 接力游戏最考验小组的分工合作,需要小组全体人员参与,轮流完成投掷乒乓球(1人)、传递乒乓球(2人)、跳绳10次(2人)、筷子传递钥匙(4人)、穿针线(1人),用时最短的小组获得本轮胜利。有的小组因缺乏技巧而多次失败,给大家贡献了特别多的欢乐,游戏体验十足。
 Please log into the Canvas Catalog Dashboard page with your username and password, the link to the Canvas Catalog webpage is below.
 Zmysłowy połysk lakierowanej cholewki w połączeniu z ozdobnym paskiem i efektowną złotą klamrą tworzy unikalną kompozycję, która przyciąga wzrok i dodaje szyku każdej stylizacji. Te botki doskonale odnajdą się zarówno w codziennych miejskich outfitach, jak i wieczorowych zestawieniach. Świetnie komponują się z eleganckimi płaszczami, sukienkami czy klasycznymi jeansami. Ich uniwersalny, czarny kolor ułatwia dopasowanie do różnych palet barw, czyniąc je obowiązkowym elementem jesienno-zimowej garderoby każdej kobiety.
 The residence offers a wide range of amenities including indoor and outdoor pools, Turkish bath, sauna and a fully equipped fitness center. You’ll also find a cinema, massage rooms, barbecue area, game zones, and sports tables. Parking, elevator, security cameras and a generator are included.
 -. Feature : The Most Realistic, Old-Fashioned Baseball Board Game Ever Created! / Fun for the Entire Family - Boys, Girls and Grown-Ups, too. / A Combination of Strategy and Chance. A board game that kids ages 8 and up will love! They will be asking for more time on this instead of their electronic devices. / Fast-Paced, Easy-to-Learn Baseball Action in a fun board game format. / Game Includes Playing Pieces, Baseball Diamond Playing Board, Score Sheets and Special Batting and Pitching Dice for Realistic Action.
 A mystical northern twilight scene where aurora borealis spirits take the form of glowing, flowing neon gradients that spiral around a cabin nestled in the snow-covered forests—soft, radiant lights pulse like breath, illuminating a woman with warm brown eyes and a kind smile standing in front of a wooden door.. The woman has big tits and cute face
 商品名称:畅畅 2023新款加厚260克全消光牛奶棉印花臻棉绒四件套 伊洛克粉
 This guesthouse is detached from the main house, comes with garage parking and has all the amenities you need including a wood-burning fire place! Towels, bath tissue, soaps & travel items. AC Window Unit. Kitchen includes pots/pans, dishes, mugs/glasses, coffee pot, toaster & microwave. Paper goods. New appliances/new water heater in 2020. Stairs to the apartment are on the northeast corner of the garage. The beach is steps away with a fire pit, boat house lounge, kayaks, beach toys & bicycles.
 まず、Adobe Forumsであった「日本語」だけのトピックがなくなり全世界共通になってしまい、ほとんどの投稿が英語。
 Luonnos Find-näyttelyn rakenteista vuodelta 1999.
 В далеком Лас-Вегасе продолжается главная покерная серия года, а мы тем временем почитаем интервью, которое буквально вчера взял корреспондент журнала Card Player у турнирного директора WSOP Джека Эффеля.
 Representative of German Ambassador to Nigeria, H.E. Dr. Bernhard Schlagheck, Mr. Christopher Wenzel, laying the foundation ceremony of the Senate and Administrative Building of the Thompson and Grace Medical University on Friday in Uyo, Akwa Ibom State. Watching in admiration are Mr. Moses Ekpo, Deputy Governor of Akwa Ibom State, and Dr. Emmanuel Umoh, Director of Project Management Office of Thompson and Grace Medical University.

= Problem details =
Please return every line of the records above that contains the word "bath".

= Exercise result =
 The residence offers a wide range of amenities including indoor and outdoor pools, Turkish bath, sauna and a fully equipped fitness center. You’ll also find a cinema, massage rooms, barbecue area, game zones, and sports tables. Parking, elevator, security cameras and a generator are included.
 This guesthouse is detached from the main house, comes with garage parking and has all the amenities you need including a wood-burning fire place! Towels, bath tissue, soaps & travel items. AC Window Unit. Kitchen includes pots/pans, dishes, mugs/glasses, coffee pot, toaster & microwave. Paper goods. New appliances/new water heater in 2020. Stairs to the apartment are on the northeast corner of the garage. The beach is steps away with a fire pit, boat house lounge, kayaks, beach toys & bicycles.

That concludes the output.